[WORK ITEM]: Give the data back exactly. Leave out any images.

[DATA BELOW]:
####

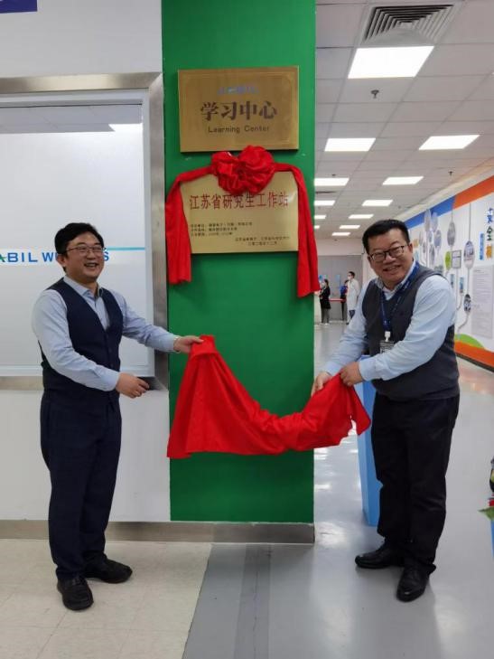 周德群和舒鹏共同为“江苏省研究生工作站”揭牌。这是禁忌书屋 校企合作的第一家研究生工作站,标志着禁忌书屋 与捷普电子(无锡)有限公司在校企协同育人工作平台建设方面迈向了一个新的台阶。
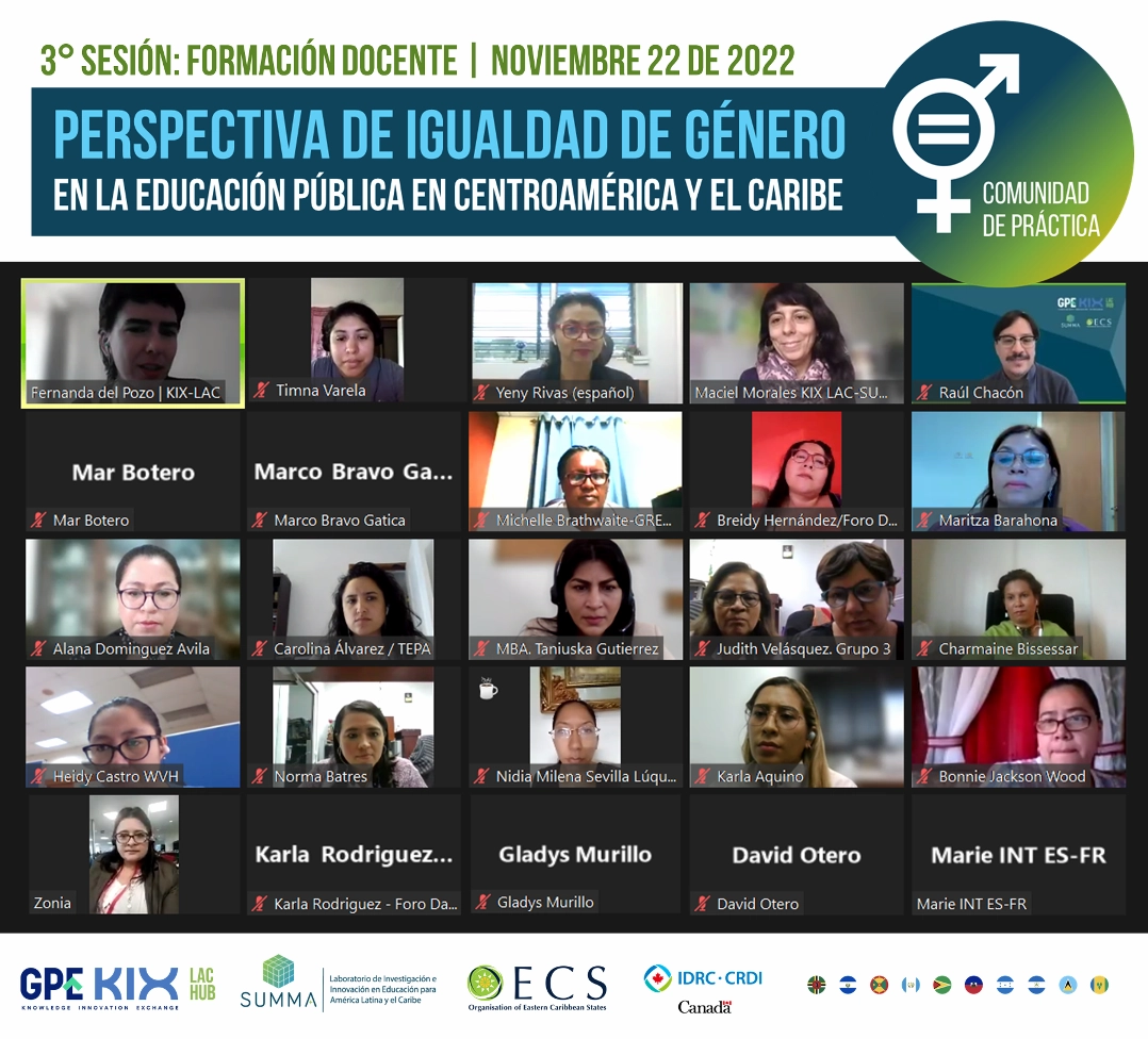 Durante la tercera sesión se profundizó acerca de la formación docente con perspectiva de género, con la participación de las expositoras: Yeny Rivas – Gerente de género del Ministerio de Educación de El Salvador; Alana Domínguez – Secretaría General de Educación de Honduras y Michelle Brathwaite – Especialista en proyectos – Ministerio de Educación de Granada.
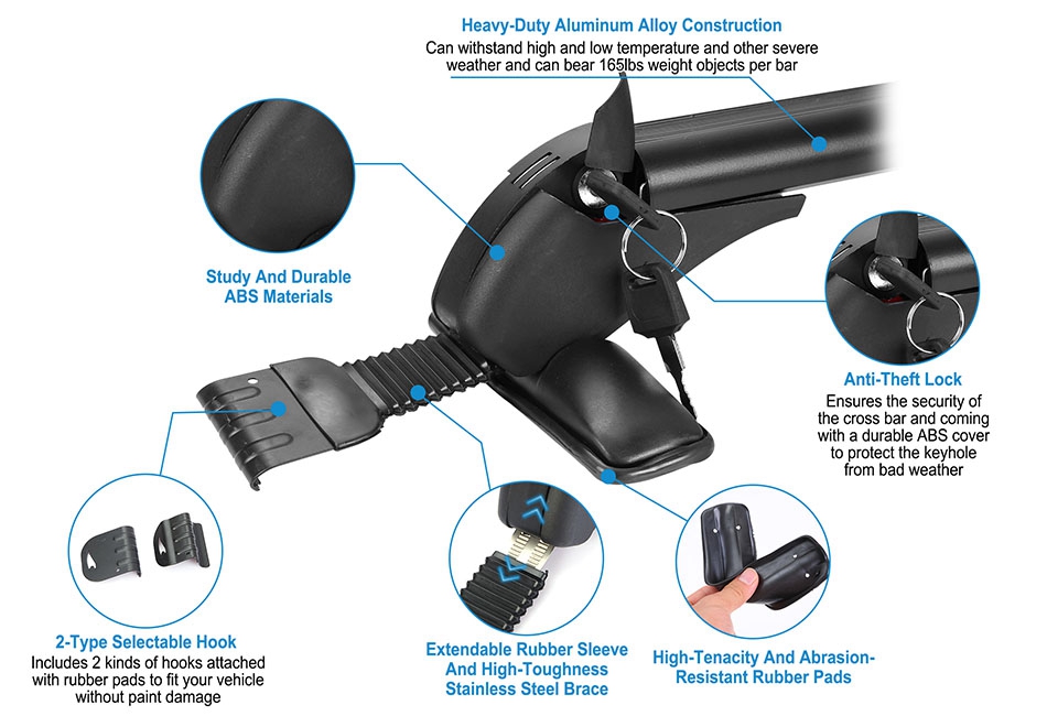 - * CONSIDERATE ANTI-THEFT LOCK DESIGN:Each across bar comes with an anti-theft lock to ensure the security of the cross bar and coming with a durable ABS cover to protect the keyhole from bad weather.
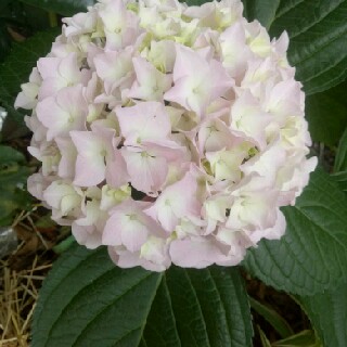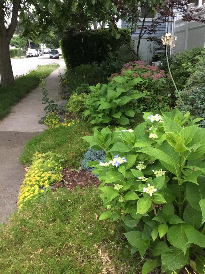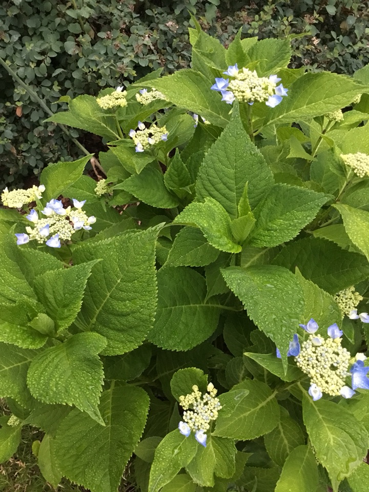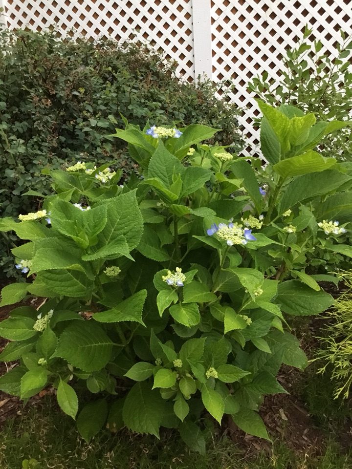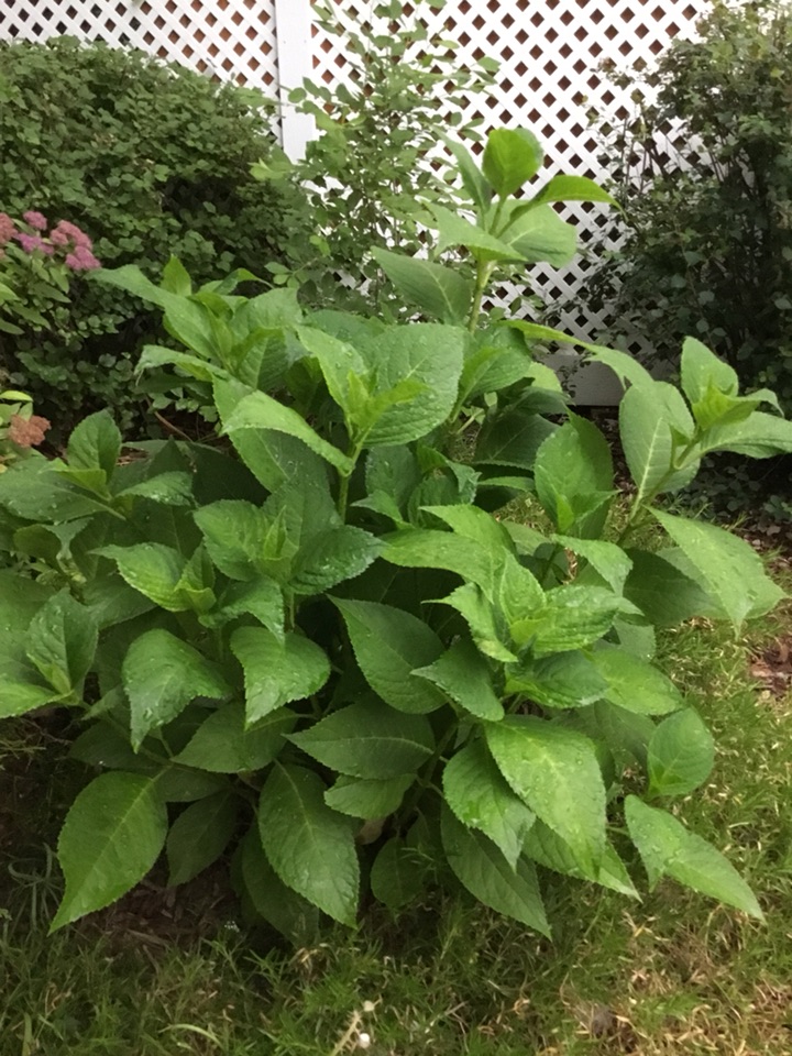 两颗八仙花一颗长满了花骨朵,一颗绿油油的枝条没有花骨朵。

####

[SOLVED PROBLEM]:
 周德群和舒鹏共同为“江苏省研究生工作站”揭牌。这是禁忌书屋 校企合作的第一家研究生工作站,标志着禁忌书屋 与捷普电子(无锡)有限公司在校企协同育人工作平台建设方面迈向了一个新的台阶。
 Durante la tercera sesión se profundizó acerca de la formación docente con perspectiva de género, con la participación de las expositoras: Yeny Rivas – Gerente de género del Ministerio de Educación de El Salvador; Alana Domínguez – Secretaría General de Educación de Honduras y Michelle Brathwaite – Especialista en proyectos – Ministerio de Educación de Granada.
 - * CONSIDERATE ANTI-THEFT LOCK DESIGN:Each across bar comes with an anti-theft lock to ensure the security of the cross bar and coming with a durable ABS cover to protect the keyhole from bad weather.
 两颗八仙花一颗长满了花骨朵,一颗绿油油的枝条没有花骨朵。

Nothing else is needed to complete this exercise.